3. We talked about the performance difference between the 390 and 395, I've scoured this forum's threads to find an answer but it just leaves me with more questions. The sales rep seems to think that the production performance is identical apart from the SMartComp but upon looking at the specs I don't think so. Will the difference in horsepower affect the maximum length of the spray hose? Or will it affect how high I can drag the hose away from the sprayer? Or will it run longer?

4. In retrospect, do I need a .23 max tip capability for a small workhorse like the 395? or is the 390 adequate ? I plan to mainly spray emulsions and exterior latex. The price difference enables me to purchase accessories like extensions and spray tips. Is it worth the tradeoff or should I go with the 395 and save up for accessories?.

5. My partner , who worked as a project manager for a large painting company, thinks that exterior spray painting on residential areas is not suitable, citing overspray and cleaning costs to neighbouring tenants, no matter how close the gun is to wall . I've had the misfortune of engaging their services to spray a ceiling area, and I ended up having to scrape off the emulsion from the tiles, 14000 feet worth of floorspace...alone. They had covered the floors with plastic sheeting but it was not enough and they moved the coverings along the spraying activity. The paint dripped heavily from the ceiling and the whole enclosed space was filled with fine paint mist, the scene look like an hazy aftermath of a volcano eruption. It was horrible. I also noticed that the sprayer guy pointed his gun well over SIX FEET away from the ceiling,cranked the gas powered engine to max and shot like a drunk cowboy with an uzi . A lot of areas were not covered evenly. Apparently , its normal practice to spray that way and multiple coats are needed . The average thinning ratio is 30%, and the estimated wastage is 30%.

My question is, can spraying be done in one coat? What is the sweet spot on the thinning ratio/psi/spray tip size to reduce overspray? Do I really need to thin? 
If I can spray in the correct manner, lets say on a wall in a mall, do I need to canvas the surrounding areas like biohazard site or just the immediate areas around it?
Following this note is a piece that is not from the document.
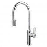 Monomando para fregadero, fabricado en laton cromado, cartucho cerámico europeo, aireador europeo anticalcáreo con restrictor de flujo de 8.3 LPM y extension extraible de 1 m. terminado cromo, modelo TB 11.081, marca Tecnobath.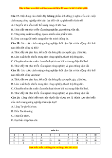Đây là bản xem th , vu ử i lòng mua tài li u ệ đ xe ể m chi ti t (c ế ó l i ờ gi i ả ) Câu 17. N i ộ dung nào dư i ớ đây không ph n ả ánh đúng ý nghĩa c a ủ các cu c ộ cách m ng công nghi ạ p t ệ h i ờ c n ậ đ i ạ đ i ố v i ớ sự phát tri n ki ể nh t ? ế A. Chuy n ể n n s ề n xu ả t ấ th công s ủ ang c khí ơ hoá. B. Thúc đ y s ẩ phát ự tri n c ể a nông nghi ủ p, gi ệ ao thông v n ậ t i ả . C. Tăng năng su t ấ lao đ ng, ộ t o r ạ a nhi u s ề n ả ph m ẩ h n. ơ D. Đ a ư con ngư i ờ bư c ớ sang n n văn m ề inh thông tin. Câu 18. Các cu c ộ cách m ng ạ công nghi p ệ th i ờ c n ậ đ i ạ có tác đ ng ộ như thế nào đ n ế đ i ờ sống xã h i ộ ? A. Thúc đ y s ẩ ự giao l u, k ư t ế n i ố văn hóa gi a các ữ qu c gi ố a, châu l c. ụ B. Làm xu t ấ hi n nhi ệ u t ề rung tâm công nghi p, t ệ hành th đông dân. ị C. Chuy n n ể n s ề n xu ả t ấ c a ủ nhân lo i ạ t c ừ khí ơ hoá sang đi n khí ệ hoá. D. Thúc đ y s ẩ ự phát tri n ể c a ngành nông nghi ủ p và gi ệ ao thông v n ậ t i ả . Câu 19. Các cu c ộ cách m ng ạ công nghi p ệ th i ờ c n ậ đ i ạ có tác đ ng ộ như thế nào đ n ế đ i ờ sống văn hóa? A. Thúc đ y s ẩ ự giao l u, k ư t ế n i ố văn hóa gi a các ữ qu c gi ố a, châu l c. ụ B. Làm xu t ấ hi n nhi ệ u t ề rung tâm công nghi p, t ệ hành th đông dân. ị C. Chuy n n ể n s ề n xu ả t ấ c a ủ nhân lo i ạ t c ừ khí ơ hoá sang đi n khí ệ hoá. D. Thúc đ y s ẩ ự phát tri n ể c a ngành nông nghi ủ p và gi ệ ao thông v n ậ t i ả .

6. I had initially wanted to purchase the Wagner Procoat 9185g gas powered airless spray on Amazon, it costs less than the 390/395 but has a max tip of .17 with cheap accessories/tips . The electric models run on 110v and I would need to use step down/up transformers which might be pricey if not cumbersome to lug around. There is no local presence as it is based in New Zeland/Australia which made me hesitate and settle on the uber expensive Graco. Still, 9185g's low costs keeps me interested and I might purchase it for projects in rural areas. Can anyone comment on this?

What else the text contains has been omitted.